**Required work**
Among the entries below, only the lines from the one with "Smile mama(スマイルママ) 杢ニット裏起毛 前あきスモック 花柄" through the one with "This clear demonstrator" are wanted, reproduced exactly. Pictures are not wanted.

######

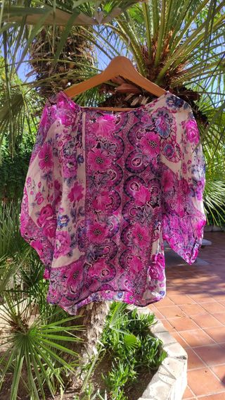 Blusa rosa de marca Trucco, talla 42, tiene dos tiras en la parte del cuello a la derecha que bajan hasta la mitad más o menos y si tiras de ellas hace un precioso efecto fruncido, está como nueva, también tiene un largo cordón a modo de cinturón que queda muy bonito. No dudes en preguntarme si tienes alguna cuestión. Más cositas chulas en mi perfil!
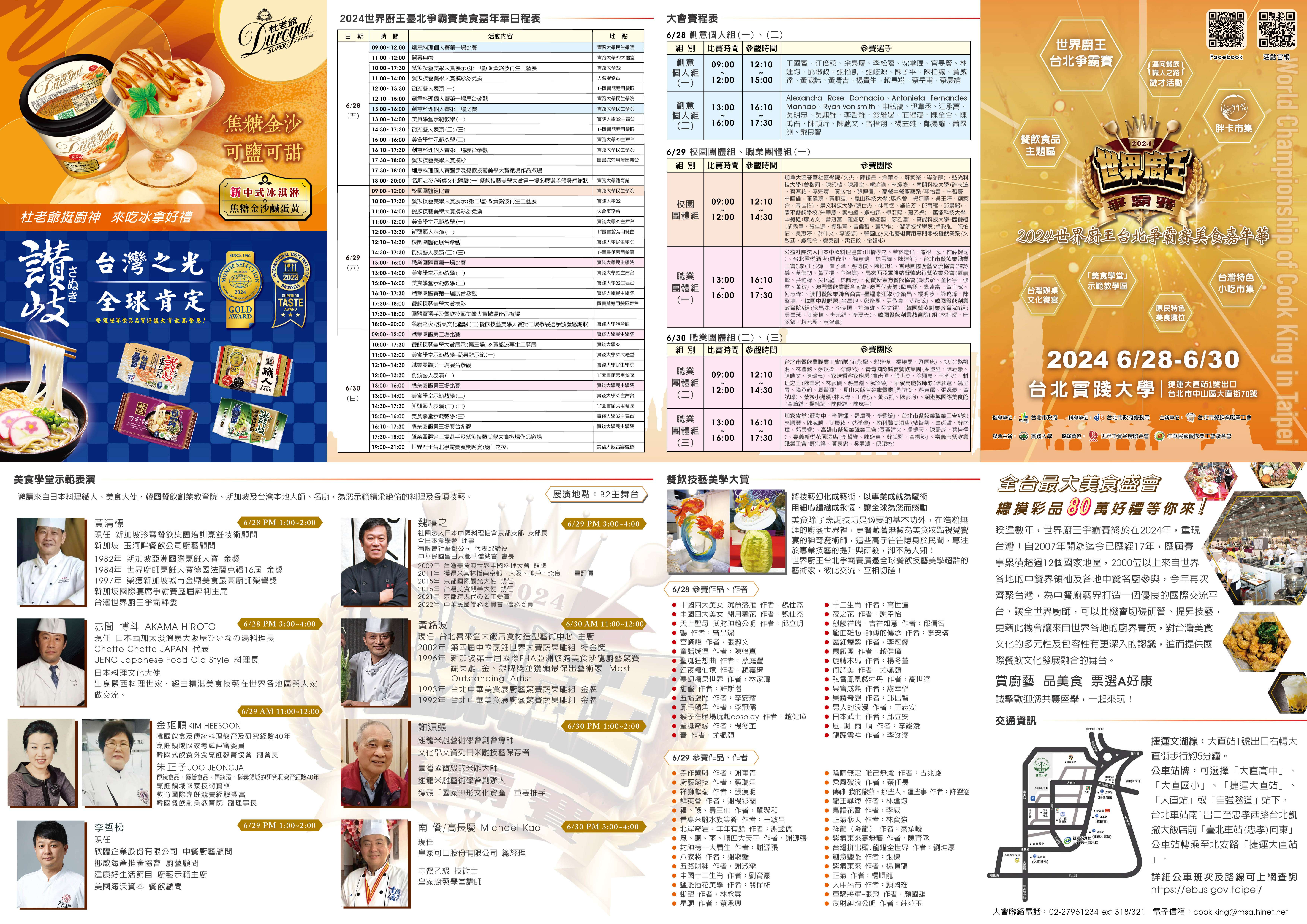 為提升勞動者職業技能拓展國際視野,臺北市餐飲業職業工會辦理「2024世界廚王爭霸賽暨美食嘉年華」,該活動訂於113年6月28日至6月30日假實踐大學辦理。
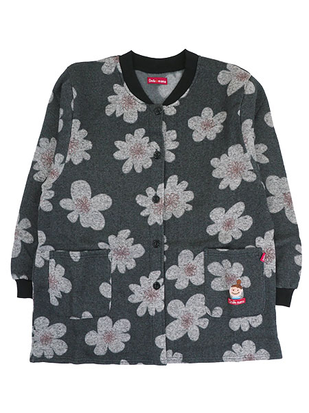 Smile mama(スマイルママ) 杢ニット裏起毛 前あきスモック 花柄
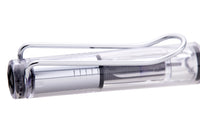 This clear demonstrator LAMY vista fountain pen, essentially the clear version of the LAMY safari, has silver trim and an interchangeable silver steel nib. It features a triangular grip for proper hand position when writing. It comes with a blue LAMY ink cartridge to get you started writing right away.
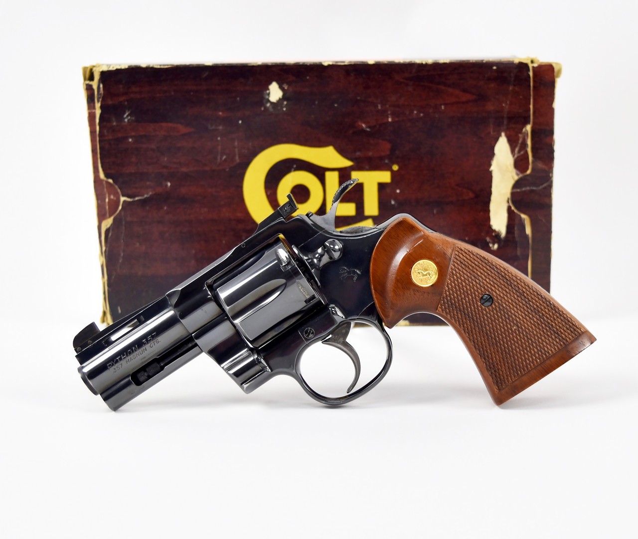 Colt Python .357 Magnum caliber revolver. Rare 3” blue Model, made in 1983. It has Royal Blue finish and elliason rear sight. The front sight appears to have been altered. We have confirmed with Colt that this is an original 3” gun and a letter has been ordered.
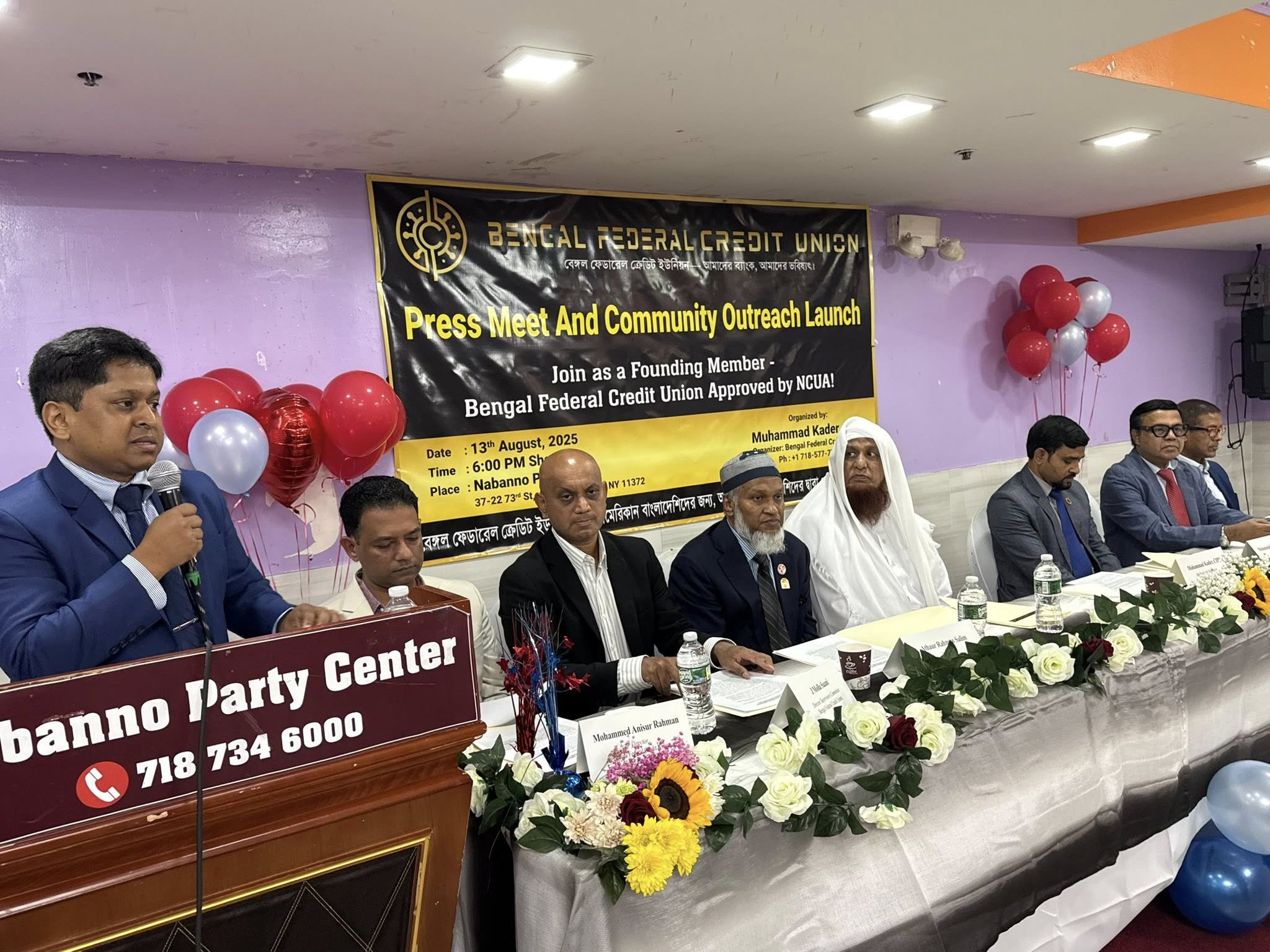 ইউএসএনিউজঅনলাইন.কম : নিউইয়র্ক সিটির জ্যাকসন হাইটসে নবান্ন পার্টি হলে ১৩ আগস্ট অনুষ্ঠিত হলো ‘বেঙ্গল ফেডারেল ক্রেডিট ইউনিয়ন’-এর নাম ঘোষণা এবং কমিউনিটি আউটরিচ প্রোগ্রাম। অনুষ্ঠানে‘বেঙ্গল ফেডারেল ক্রেডিট ইউনিয়ন’-এর প্রতিষ্ঠাতা মুহাম্মদ কাদের, সিআইপি বলেন, বাংলাদেশি-আমেরিকান কমিউনিটির ইতিহাসে এক নতুন অধ্যায়ের সূচনা করল, যেখানে প্রথমবারের মতো যুক্তরাষ্ট্রে বসবাসরত প্রবাসী বাংলাদেশিদের উদ্যোগে গঠিত হতে যাচ্ছে পূর্ণাঙ্গ ফেডারেল স্বীকৃত একটি আর্থিক প্রতিষ্ঠান।

######

**Exercise output**
 Smile mama(スマイルママ) 杢ニット裏起毛 前あきスモック 花柄
 This clear demonstrator LAMY vista fountain pen, essentially the clear version of the LAMY safari, has silver trim and an interchangeable silver steel nib. It features a triangular grip for proper hand position when writing. It comes with a blue LAMY ink cartridge to get you started writing right away.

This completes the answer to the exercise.